Inflammatory–immune blood indices such as the systemic immune‑inflammation index (SII) relate to outcomes in hepatocellular carcinoma (HCC). Visit‑to‑visit variability (VVV) may capture instability of host inflammatory homeostasis that is not reflected by average levels. We examined whether early VVV of these indices predicts overall survival (OS) and adds discriminatory value beyond standard prognostic factors and mean levels.

We conducted a single‑center retrospective cohort of adults with HCC from June 2020 to December 2024. All laboratory “visits” within days 0–90 informed per‑patient VVV; the primary exposure was SII variability independent of the mean (SII‑VIM), with average real variability (ARV) and SD/CV% as secondary metrics. The primary outcome was OS from the day‑90 landmark. Predictive increment was assessed by change in Harrell’s C‑index, time‑dependent AUC (1 and 2 years), and NRI/IDI with bootstrap internal validation; sensitivity analyses included a 0–180‑day window, time‑varying rolling VVV, and multiple imputation (m = 20).

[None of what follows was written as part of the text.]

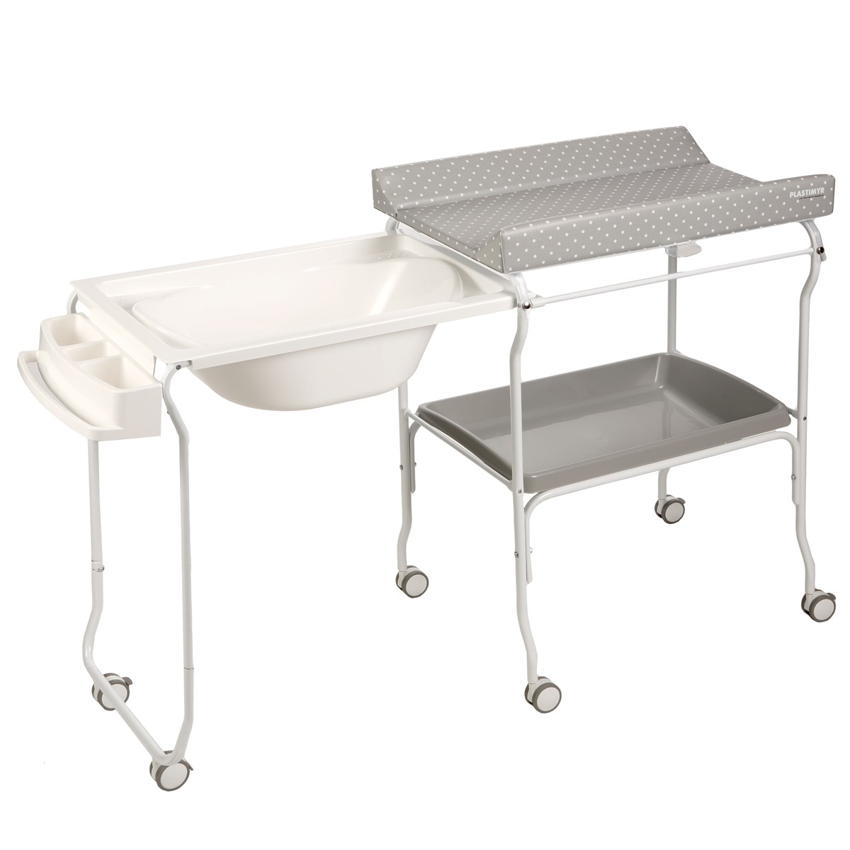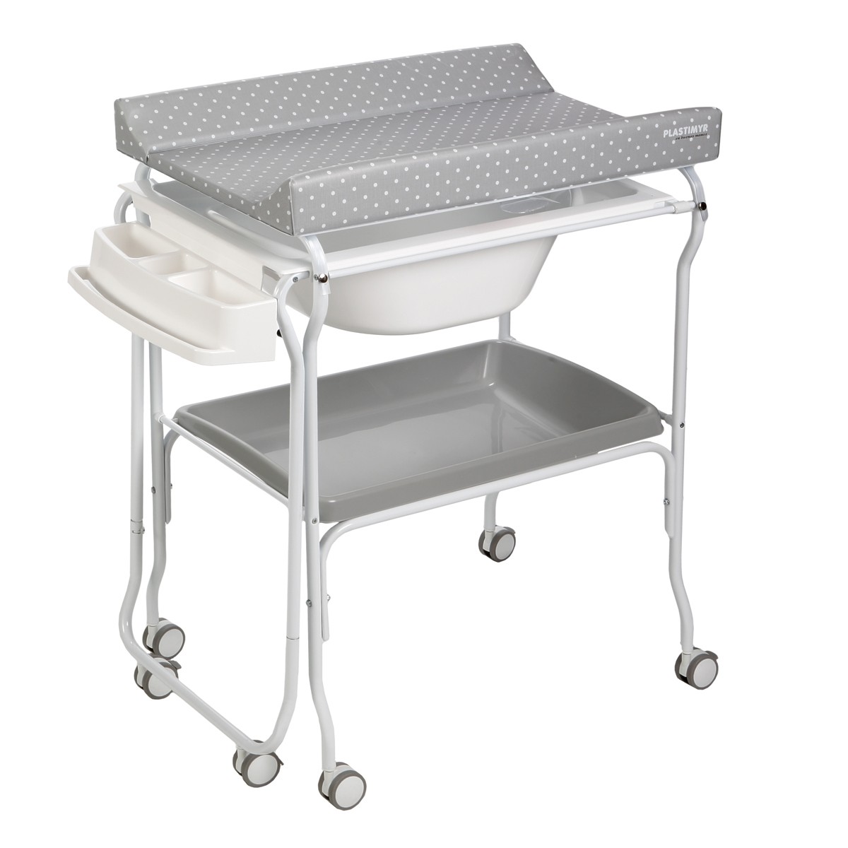 LIV Baignoire table à langer chariot sur roulettes Gris motif pois

Of 780 patients, 528 survived to the landmark and were analyzed. Median follow-up was 25.1 months with 216 deaths (41%). Each 1-SD increase in SII-VIM was associated with higher mortality (adjusted HR 1.26, 95% CI 1.12–1.41); the highest versus lowest quartile yielded HR 1.72 (95% CI 1.25–2.36). Splines showed a monotonic dose–response. Adding SII-VIM improved discrimination from C-index 0.68 to 0.71 and increased AUC from 0.70 to 0.73 at 1 year and from 0.67 to 0.70 at 2 years; continuous NRI was 0.14 (95% CI 0.06–0.22) and IDI 0.018 (95% CI 0.008–0.030). Results were consistent using ARV (HR 1.20), a 0–180-day window (HR 1.22), and time-varying analyses (HR 1.18).

Early visit-to-visit variability—particularly SII-VIM—was independently associated with worse OS in HCC and added modest, clinically meaningful discrimination beyond standard factors and mean levels, and prospective validation is warranted.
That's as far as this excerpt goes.